By Dr Doug Witherspoon - 09th Mar 2026

Haemochromatosis
iStock.com/bsd studio

As you are no doubt well aware, the spectre of haemochromatosis looms large on the Irish health landscape. Hereditary haemochromatosis is still Ireland’s most common inherited disease. In Europe, between one in 300 and one in 400 people are at risk of iron overload. In Ireland, studies have shown that our susceptibility is proportionally the highest in the world, with one in five people carrying the gene that puts them at risk.

To develop haemochromatosis, both the patient’s mother and father need to have the defective gene, and in Ireland, one in 83 people have those two genes. In Scotland, roughly one in 113 people are affected, which has helped the condition to earn the title of the ‘Celtic Curse’.

Now, some new research has pinpointed ‘hot spots’ in Ireland and Scotland where the genetic risk is highest. It’s the first time the genetic risk across Ireland and the UK has been mapped.

The work highlighted and identified some remarkable hot spots in the north-west of Ireland, as well as the Outer Hebrides, and in some areas, one in 60 people were found to have the high-risk genetic variant for haemochromatosis. In Ireland and the UK, the main risk factor is the genetic variant called C282Y.

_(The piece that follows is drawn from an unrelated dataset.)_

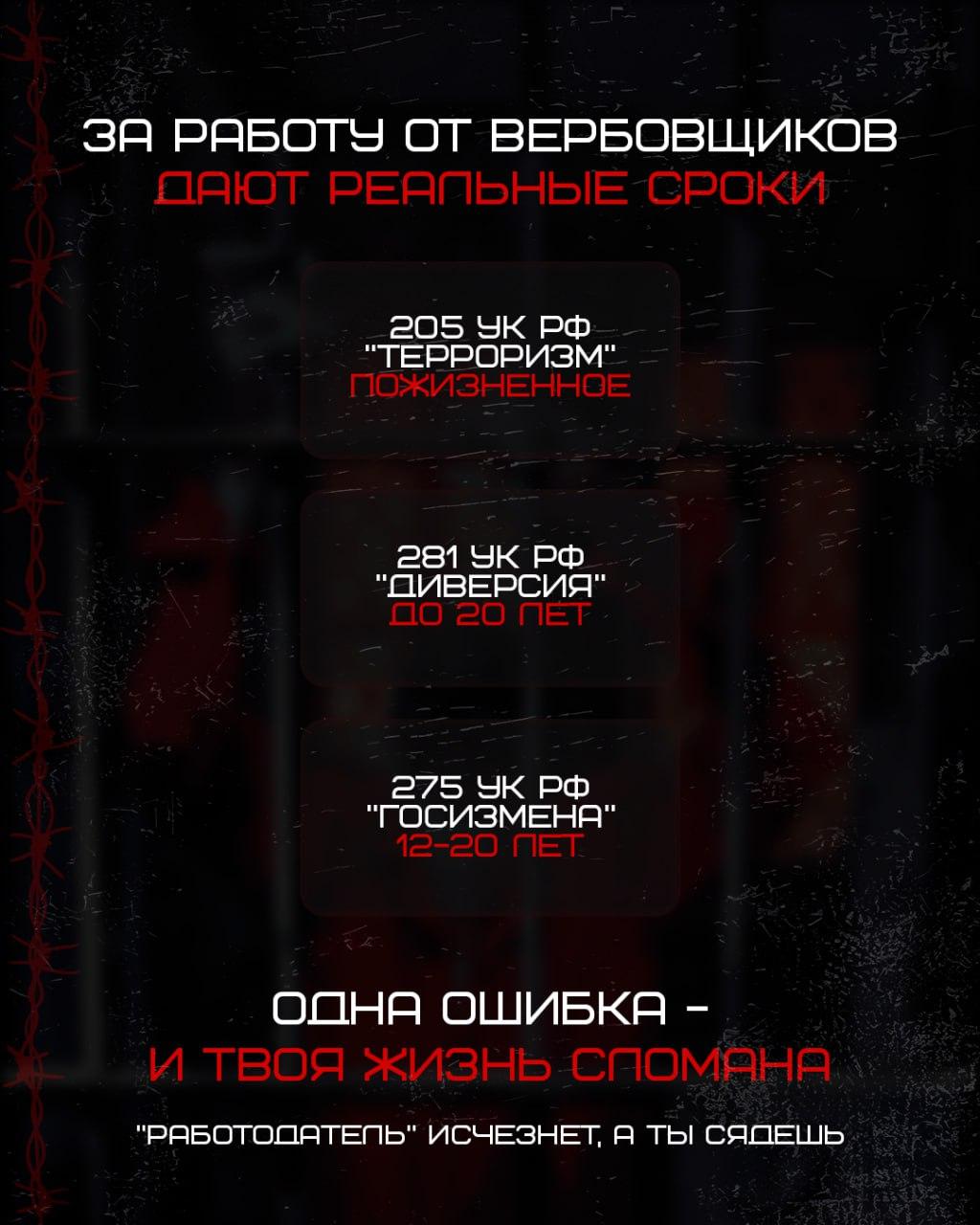 За такие «задания» дают реальные статьи за диверсию, терроризм и госизмену. Не верь в «лёгкий заработок» и не принимай предложения от незнакомцев.

The team from the University of Edinburgh looked at genetic data from more than 400,000 people who were part of the Viking Genes and UK Biobank studies and they examined the prevalence of C282Y across Ireland and Britain. The variant is most common among people with ancestry from the north-west of Ireland (one in 54 people), followed closely by the Outer Hebrides at one in 62, and Northern Ireland, where the genetic prevalence is one in 71.

Other areas were mapped with a lower risk than Ireland and the Outer Hebrides, but where the risk was still elevated – for example, in Glasgow and north-west Scotland approximately one in 117 people have the genetic variant.

They also looked at the broader population across the UK and found that white Irish people were almost four times more likely to be diagnosed with haemochromatosis than white British people. Those who live in Liverpool were around 11 times more likely to be diagnosed than individuals in Kent, for example, which the authors say may be linked to historical Irish migration – over 20 per cent of the population in Liverpool was Irish in the 1850s.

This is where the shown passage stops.